Identification of a glycolysis-related gene signature associated with clinical outcome for patients with lung squamous cell carcinoma

Abstract

Background: Lung squamous cell carcinoma (LUSC), one of the main types of lung cancer, has caused a huge social burden. There has been no significant progress in its therapy in recent years, Resulting in a poor prognosis. This study aims to develop a glycolysis-related gene signature to predict patients' survival with LUSC and explore new therapeutic targets.

Methods: We obtained the mRNA expression and clinical information of 550 patients with LUSC from the Cancer Genome Atlas (TCGA) database. Glycolysis genes were identified by Gene Set Enrichment Analysis (GSEA). The glycolysis-related gene signature was established using the Cox regression analysis.

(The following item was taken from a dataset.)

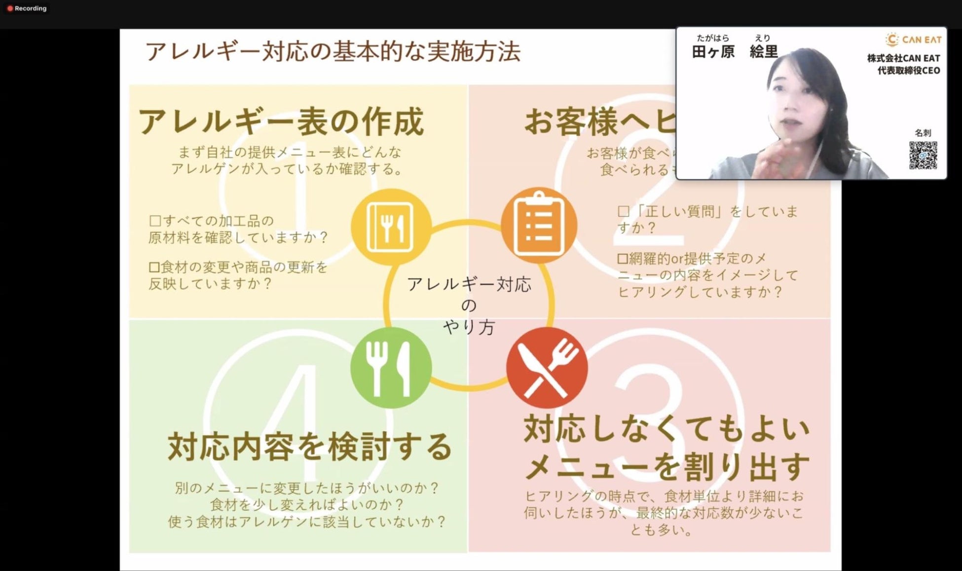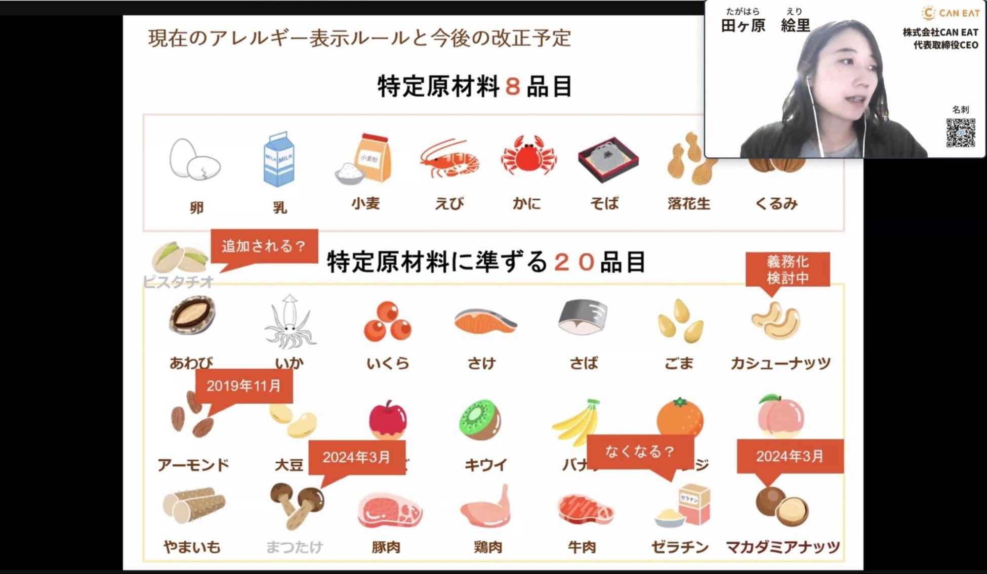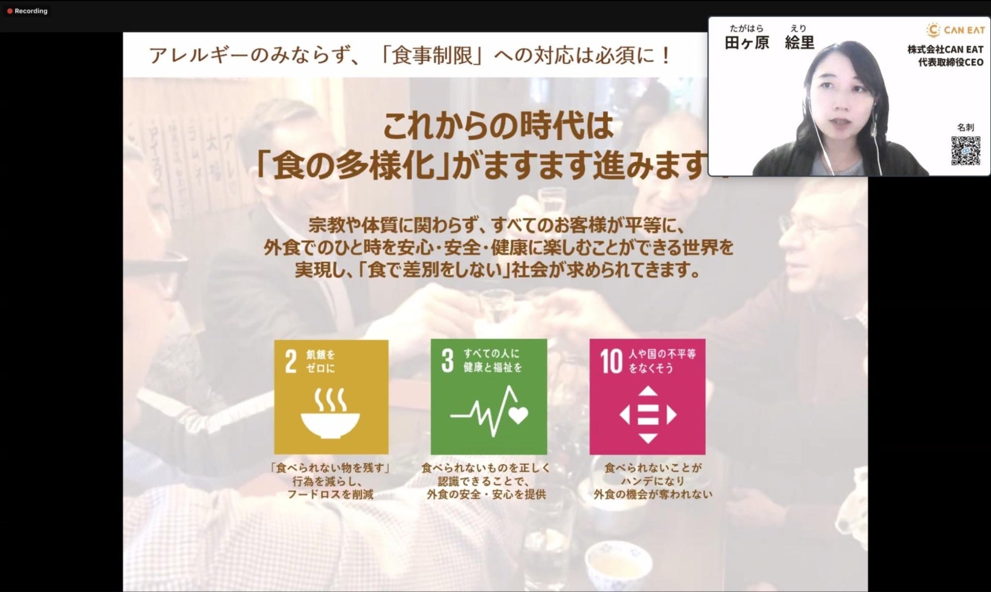セミナーの終盤では、食物アレルギーのみならず、思想・信条や妊娠・授乳といったさまざまな理由で「食べられないもの」がある人が増加している現状にも言及し、食の多様化が進むなかですべての人が心置きなく外食を楽しめる環境を整えることの意義や市場性についてお話ししました。
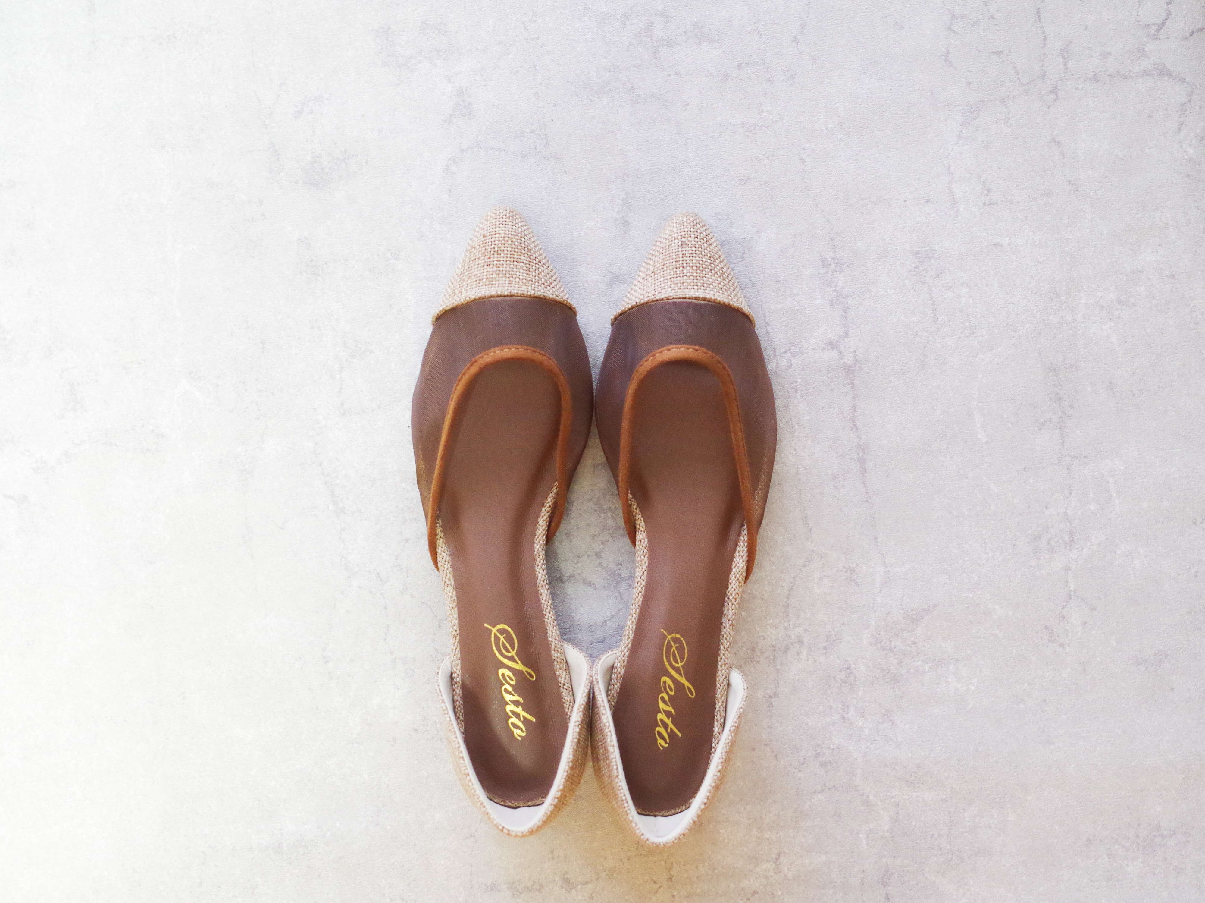 まずご紹介したいのが、プチプラシューズブランド「SESTO(セスト)」のシースルーパンプスです。リネン風のトゥ部分が季節感を誘い、上品にもカジュアルにしたいときもぴったり!色も他にないベージュ色で即決しました。

Results: We developed five glycolysis-related genes signature (HKDC1, AGL, ALDH7A1, SLC16A3, and MIOX) to calculate each patient's risk score. According to the risk score, patients were divided into high- and low-risk groups and exhibited significant differences in overall survival (OS) between the two groups. The ROC curves showed that the AUC was 0.707 for the training cohort and 0.651 for the validation cohort. Additionally, the risk score was confirmed as an independent risk factor for LUSC patients by Cox regression analysis.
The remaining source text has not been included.